Work to be completed ->
Output all of the data below without changing a word, and exclude the pictures.

Information shown ->
%%

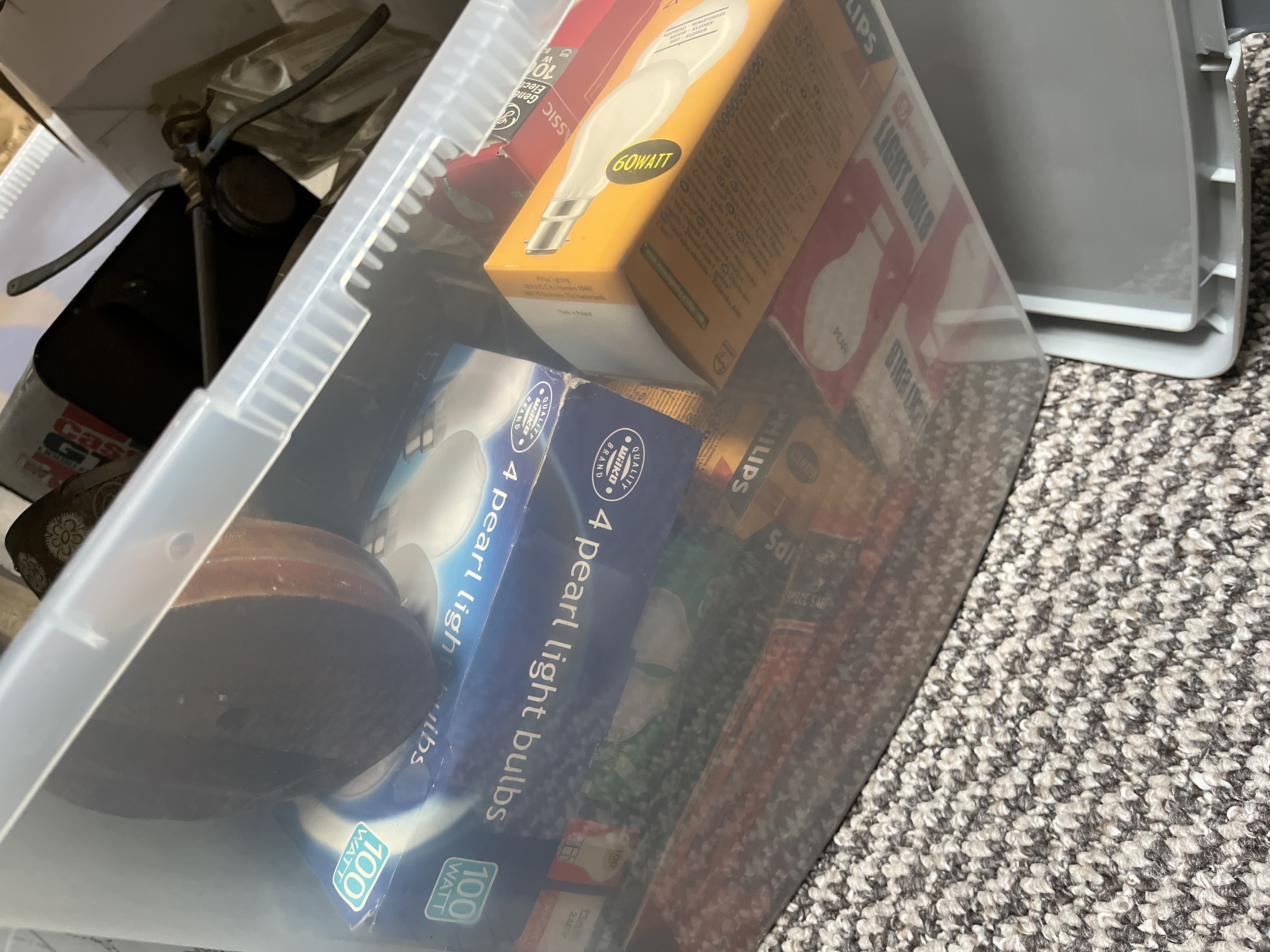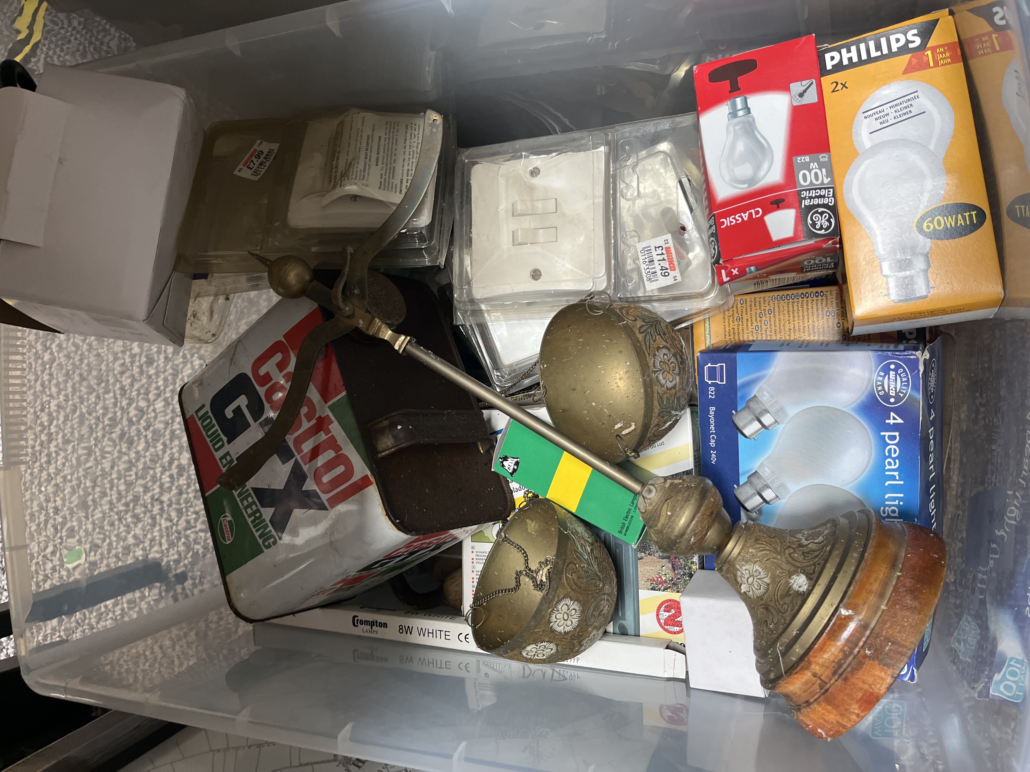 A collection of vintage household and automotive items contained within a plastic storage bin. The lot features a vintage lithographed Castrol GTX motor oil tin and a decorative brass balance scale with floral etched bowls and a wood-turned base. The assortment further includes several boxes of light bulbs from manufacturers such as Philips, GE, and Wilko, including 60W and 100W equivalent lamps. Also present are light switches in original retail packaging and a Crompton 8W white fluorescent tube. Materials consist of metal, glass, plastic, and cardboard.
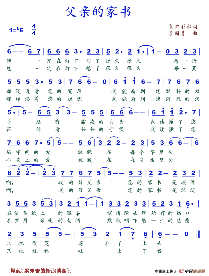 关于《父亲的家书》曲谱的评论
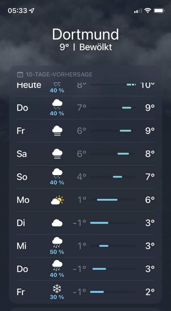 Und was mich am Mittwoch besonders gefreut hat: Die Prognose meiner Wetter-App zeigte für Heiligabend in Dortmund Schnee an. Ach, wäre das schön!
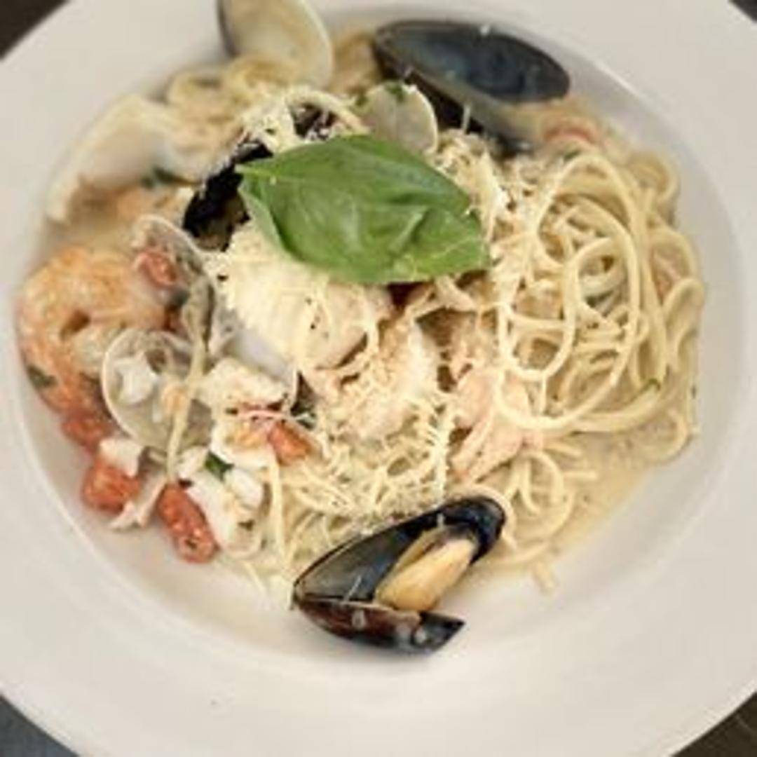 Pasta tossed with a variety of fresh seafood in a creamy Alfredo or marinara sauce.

%%

Task output ->
 A collection of vintage household and automotive items contained within a plastic storage bin. The lot features a vintage lithographed Castrol GTX motor oil tin and a decorative brass balance scale with floral etched bowls and a wood-turned base. The assortment further includes several boxes of light bulbs from manufacturers such as Philips, GE, and Wilko, including 60W and 100W equivalent lamps. Also present are light switches in original retail packaging and a Crompton 8W white fluorescent tube. Materials consist of metal, glass, plastic, and cardboard.
 关于《父亲的家书》曲谱的评论
 Und was mich am Mittwoch besonders gefreut hat: Die Prognose meiner Wetter-App zeigte für Heiligabend in Dortmund Schnee an. Ach, wäre das schön!
 Pasta tossed with a variety of fresh seafood in a creamy Alfredo or marinara sauce.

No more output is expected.